To do this, we begin with the local .csv file generated by the Data Processing notebook. We then upload it under the Self-Serve Data tab on the Account > Data page; this makes it available for import into a research notebook or pipeline.

For more on importing data using Self-Serve, check out the examples in this forum post.

In [4]:
from quantopian.pipeline.data.user_5b102ae91141120040958556 import lazyprices3_90d

2. Formatting Factor Values

The data we uploaded is in a tabular form, with one row per asset per day. However, Alphalens requires that we provide data in a specific format with specific labels. Fortunately, Pipeline will do all the "dirty work" for us.

In this step, we'll use Pipeline to put our data in a form that can be ingested by Alphalens.

In [5]:
def make_pipeline():
    
    jaccard_score = lazyprices3_90d.jaccard_score.latest
    cosine_score = lazyprices3_90d.cosine_score.latest
    
    screen = (QTradableStocksUS() & jaccard_score.notnull() & cosine_score.notnull())
    
    return Pipeline(columns={'jaccard_score': jaccard_score, 'cosine_score': cosine_score}, screen=screen)
In [6]:
data = run_pipeline(make_pipeline(), '2013-01-01', '2018-05-01')

3. Get Pricing Data

Since an alpha factor is supposed to predict the returns of an asset, we'll need to get records of the actual price of the asset in order to examine the performance of our alpha factor. In this step, we get pricing data for the assets in our dataset.

In [11]:
# Get list of relevant assets
assets = data.index.levels[1]
In [12]:
# Get pricing data for those assets
pricing_end_date = '2018-08-01' # Pricing end date should be later so we can get forward returns
prices = get_pricing(assets,
                     start_date='2013-01-01',
                     end_date=pricing_end_date,
                     fields='open_price')

4. Run Alphalens

Now that we have both our alpha factor and pricing datasets, we're ready to run our Alphalens study.

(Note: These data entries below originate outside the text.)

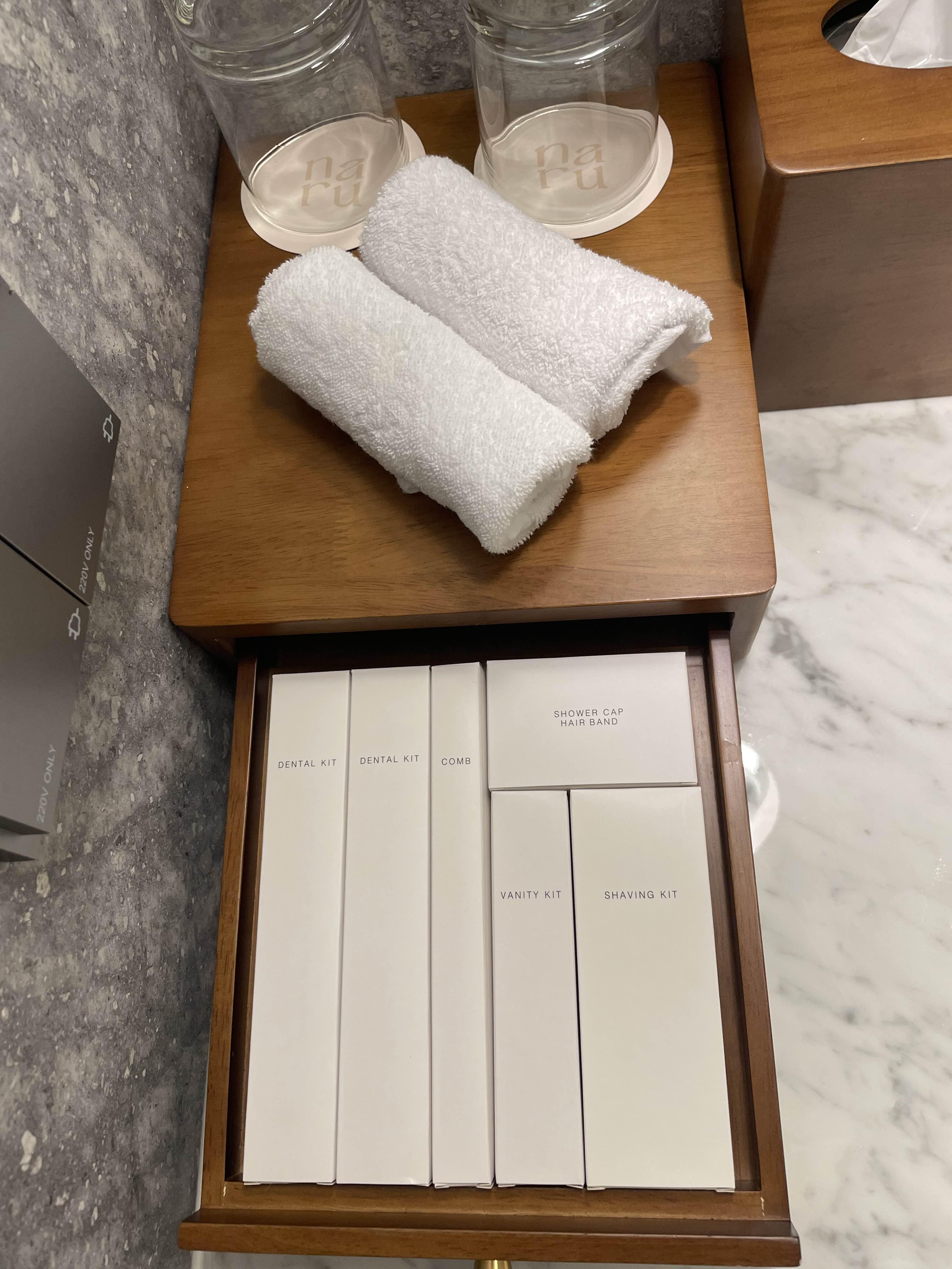 세면대 위에는 손닦는 수건과 양치컵, 그리고 일회용품들이 놓여있다.
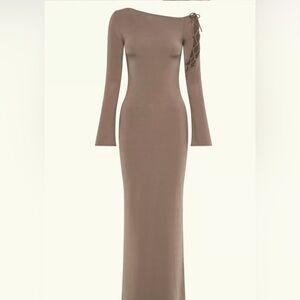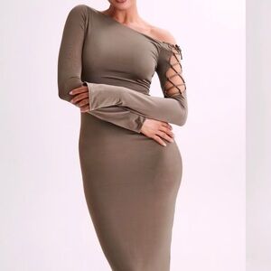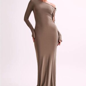 Meshki Gabby dress Elegant Brown One-Shoulder Dress mushroom color M #10
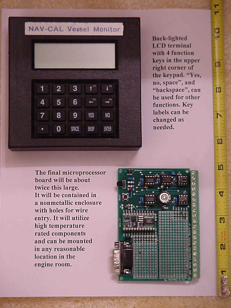 The Multi-Engine Motor Vessel Monitor (NCMEMVM) uses a small microprocessor to capture analog and digital signals. This microprocessor performs data conversion on the input signal and displays the values on a small (5 by 5 by 1.5 deep) 4-line by 20-character back-lighted LCD terminal located in the pilothouse. The system also accepts GPS input to provide latitude, longitude, course, and speed over ground. This device is designed to monitor up to two engines or generators or any mixture thereof. |
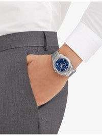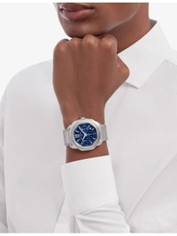 PRODUCT DETAILS - Bvlgari stainless-steel automatic watch - 100% stainless steel - Style number: RE00081 - Folding-buckle fastening - Octogonal Clous de Paris dial, satin-brushed and polished case, mechanical movement, automatic winding, synthetic-sapphire glass, BVL 399 calibre, interchangeable bracelet, 42hr power reserve, metallic indexes and hands filled with Super-LumiNova®, date opening at 4:30, small seconds at 3 o'clock, chronograph hour at 6 o'clock and chronograph minutes at 9 o'clock, stainless-steel screw crown with protective system - Case diameter: 42mm - Wipe with a clean, dry cloth - Water resistance: 10 bar / 10 atm / 100m / 330ft - Made in Switzerland - Five-year manufacturer's warranty - Bvlgari prides itself on providing excellent customer service. This includes contacting customers to offer after-sales care and share details about its brand and products. As such, when you order a Bvlgari product from us, your details will be passed onto Bvlgari so that it can provide these services to you Ref: R04319492
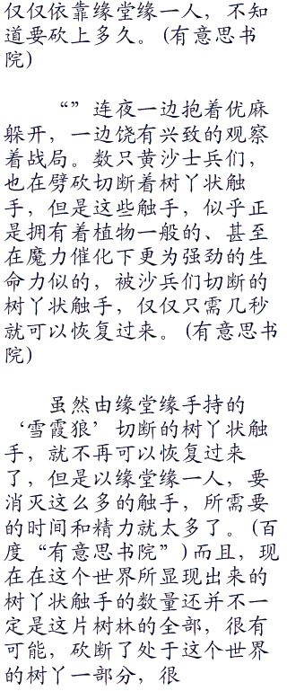 这树丫状触手的等级完全不同。这般强大的使魔,已经超越了人类能够役使的等级,是足以匹敌吸血鬼眷兽的怪物。如果不是不老不死的吸血鬼,召唤这样的怪物的话,施术者恐怕当场就会因为生命力的枯竭而殒命。
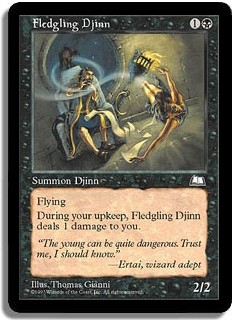 Flying. During your upkeep, Fledgling Djinn deals 1 damage to you.
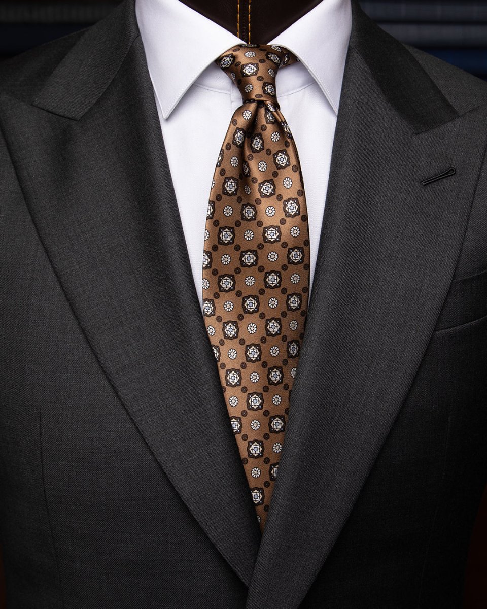 Cravatta Bronzo Fantasia Fiori Bianchi e Marroni
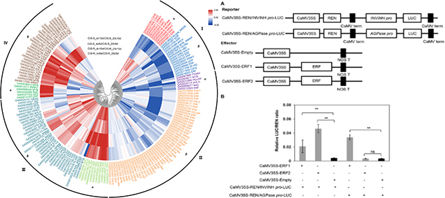 通过淀粉-糖转换途径中关键基因与转录因子的共表达分析,构建了潜在的低温糖化抗性途径调控网络,并利用双荧光素酶报告系统鉴定了直接调节低温糖化抗性途径选择的关键候选调节子。
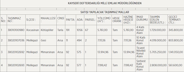 Kayseri Defterdarlığı Melikgazi ve Kocasinan ilçesinde bulunan mülkiyeti kendisine ait 4 arsayı 14 milyon 261 bin TL muhammen bedelle satışa çıkardı. arsaların satış ihalesi 8 ağustos tarihinde gerçekleşecek.
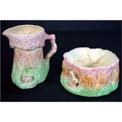 Green and straw glazed Sylvac rabbit design planter and matching jug, impressed marks to base, largest 17cm high
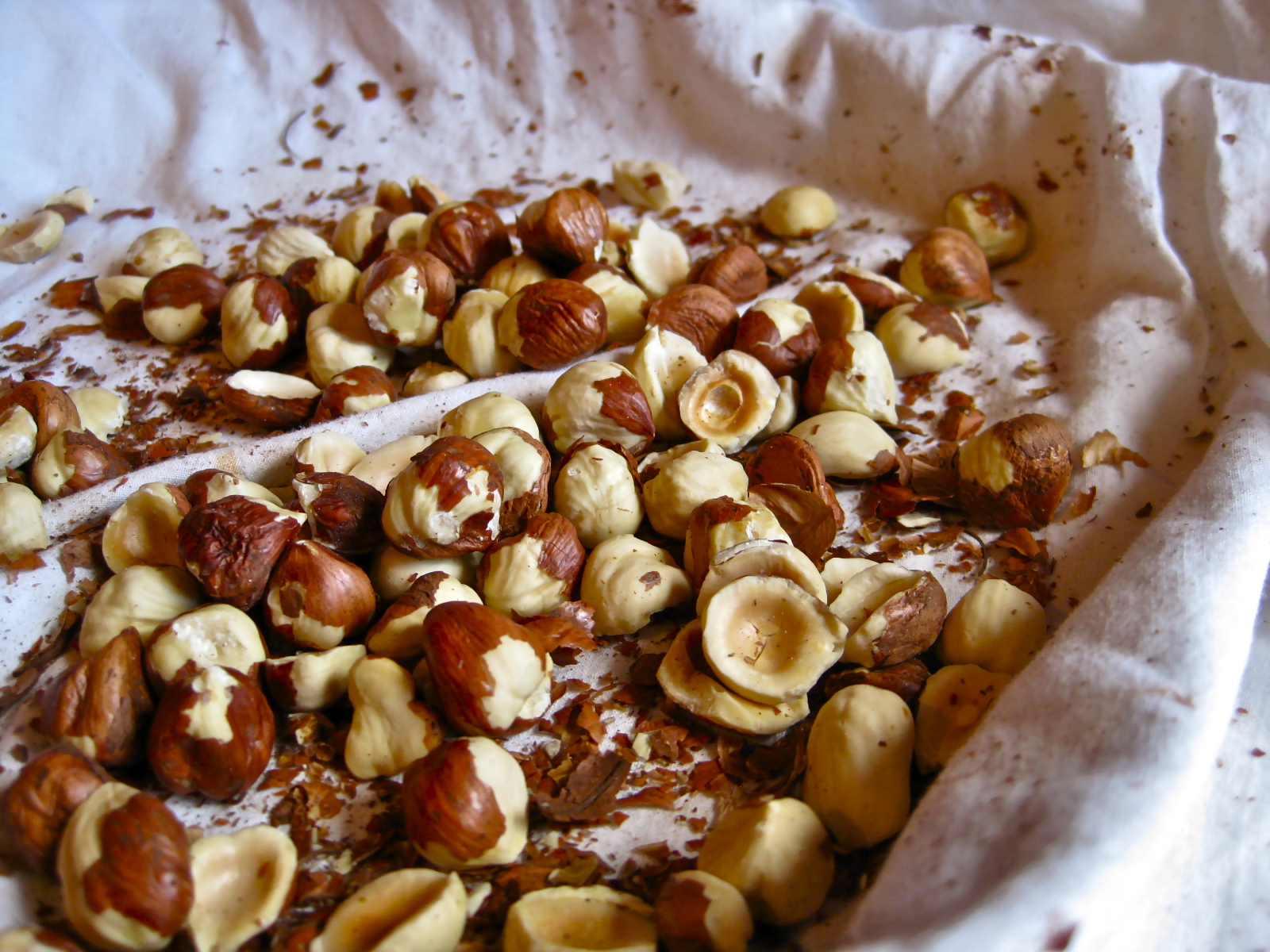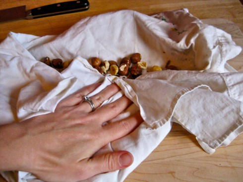Place hazelnuts on a baking sheet, and toast for 10 to 15 minutes, until you see the skins begin to curl up slightly and come loose. Place the nuts in a clean dish towel, fold the towel over the nuts, and vigorously rub the towel around, sloughing loose the hazelnut skins. Continue to rub the hazelnuts in the towel until most of the skins have come free. It is perfectly fine if some skins remain intact. Very coarsely chop hazelnuts, mostly to cut them in half, then set aside.
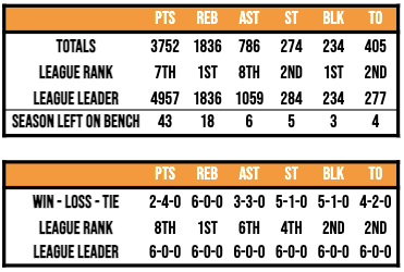 Despite losing for the first time, our overall team numbers didn’t change from the previous week. We remain the best team in the league in regards to rebounds and blocks. After that, we held onto the second spot in both steals and turnovers while finishing the week at the seventh-best team in points scored and eighth-best in assists.
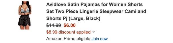 Amazon.com tiene una oferta en este Set de Pajama en Satin Avidlove a solo $6 ($14.99). Aprovecha y pide la tuya antes de que se agoten AQUI. El precio regular es de $14.99 y al utilizar el código WYHDE9XG te ahorras $8.99 por lo que terminas pagando solo $6.00 !!!! El envío no está incluido, pero recuerda que puedes conseguir el envío gratis con Amazon Prime o realizando una compra de $25.00 o más. Abajo te dejo el enlace por si deseas intentar probar Amazon Prime de forma gratuita. No dejes perder esta super oferta!!! Si te interesa esta oferta la consigues AQUI. Esta oferta es válida mientras duren!!
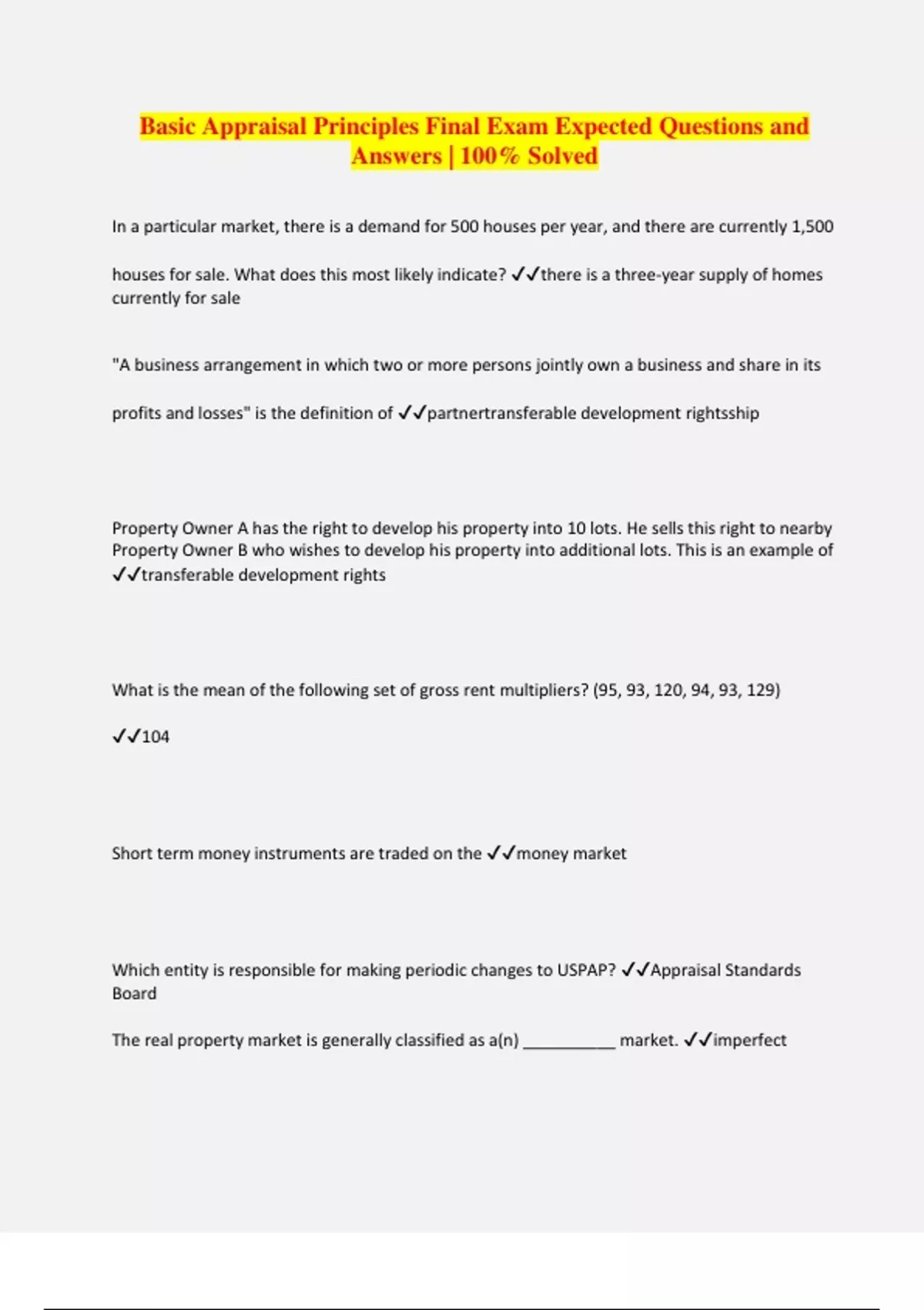 Basic Appraisal Principles Final Exam Expected Questions and Answers | 100% Solved

Since we have both Jaccard and cosine similarity scores, we'll run two separate Alphalens tearsheets.

4a. Jaccard Similarity Factor

Before creating a tearsheet, we'll use get_clean_factor_and_forward_returns to get our data in the correct format to be ingested by Alphalens.

Note on parameters:

The periods parameter in get_clean_factor_and_forward_returns allows us to set the periods over which we assess the performance of our alpha factor (in days). Here, we'll use longer periods, since political processes tend to be longer-term phenomena.

The quantiles parameter allows us to set the number of bins into which we divide our assets based on their factor values. Since the original paper uses 5 quantiles to estimate portfolio performance, we'll also use 5 quantiles.

In [8]:
jaccard_factor = data[['jaccard_score']]

Shorter periods (1, 5, 10 days)

In [32]:
factor_data_j1 = alphalens.utils.get_clean_factor_and_forward_returns(
    jaccard_factor,
    prices=prices,
    quantiles=5,
    periods =(1, 5, 10),
)
Dropped 0.0% entries from factor data: 0.0% in forward returns computation and 0.0% in binning phase (set max_loss=0 to see potentially suppressed Exceptions).
max_loss is 35.0%, not exceeded: OK!
In [33]:
alphalens.tears.create_full_tear_sheet(factor_data_j1, by_group=False);
Quantiles Statistics
min max mean std count count %
factor_quantile
1 0.225926 0.745363 0.625227 0.058582 294577 20.023097
2 0.659586 0.797164 0.704151 0.030120 294080 19.989315
3 0.705064 0.831345 0.745011 0.029979 294068 19.988499
4 0.745190 0.861789 0.784330 0.028935 294075 19.988975
5 0.785714 1.000000 0.840791 0.031515 294386 20.010114
Returns Analysis
1D 5D 10D
Ann. alpha 0.023 0.023 0.022
beta -0.004 -0.023 -0.027
Mean Period Wise Return Top Quantile (bps) 1.338 1.161 1.015
Mean Period Wise Return Bottom Quantile (bps) -0.791 -0.695 -0.704
Mean Period Wise Spread (bps) 2.170 1.873 1.723
<matplotlib.figure.Figure at 0x7f37cc37da50>
Information Analysis
1D 5D 10D
IC Mean 0.004 0.007 0.009
IC Std. 0.041 0.042 0.042
Risk-Adjusted IC 0.106 0.161 0.208
t-stat(IC) 3.058 4.667 6.032
p-value(IC) 0.002 0.000 0.000
IC Skew -0.054 0.018 -0.109
IC Kurtosis 0.180 -0.193 -0.262
Turnover Analysis
10D 1D 5D
Quantile 1 Mean Turnover 0.096 0.013 0.054
Quantile 2 Mean Turnover 0.151 0.022 0.089
Quantile 3 Mean Turnover 0.164 0.025 0.101
Quantile 4 Mean Turnover 0.154 0.023 0.094
Quantile 5 Mean Turnover 0.108 0.015 0.062
1D 5D 10D
Mean Factor Rank Autocorrelation 0.992 0.963 0.93

Midrange periods (1, 2, 3 months)

In [11]:
factor_data_j2 = alphalens.utils.get_clean_factor_and_forward_returns(
    jaccard_factor,
    prices=prices,
    quantiles=5,
    periods =(20, 40, 60),
)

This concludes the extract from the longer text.